Nicht nur mit ihrer Kampagne »Liefern am Limit« bei Lieferando hat die Gewerkschaft NGG viele Mitglieder dazugewonnen.

Nicht nur mit ihrer Kampagne »Liefern am Limit« bei Lieferando hat die Gewerkschaft NGG viele Mitglieder dazugewonnen.

Foto: dpa/Christoph Soeder

Die Gewerkschaft Nahrungsmittel Genuss und Gaststätten (NGG) hat laut Angaben ihres stellvertretenden Vorsitzenden, Freddy Adjan, mit über 400 Arbeitskämpfen ein Rekordjahr hinter sich. Vor allem im Osten haben viele Beschäftigte gestreikt. Und erstmals seit Jahren verzeichnete die NGG auch nach Abzug der Abgänge einen Mitgliederzuwachs.
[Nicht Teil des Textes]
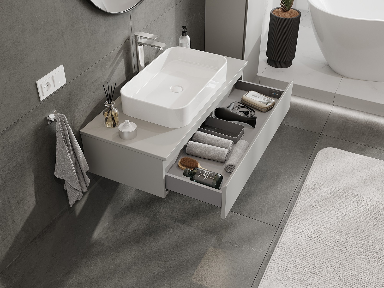 Výrez v zásuvke je navrhnutý tak, aby pojal sifón, ktorý je nevyhnutný v umývadlových inštaláciách. Vďaka tomu môže byť nábytok namontovaný plne funkčne, bez nutnosti vzdávať sa priestoru v zásuvke v prospech inštalácie.

Was verbirgt sich hinter der Erfolgsgeschichte?

Einen Eindruck davon vermittelt der Tarifstreit bei Vielfalt-Menü, einem Caterer für Kitas und Schulen und sozialen Einrichtungen in der kleinen ostsächsischen Ortschaft Kesselsdorf nahe Dresden. Das Unternehmen macht einen Jahresumsatz von rund 65 Millionen Euro und beschäftigt annähernd 950 Arbeiter*innen, die sich auf bundesweit 35 Filialen verteilen. Keine idealen Bedingungen für erfolgreiche Gewerkschaftskämpfe.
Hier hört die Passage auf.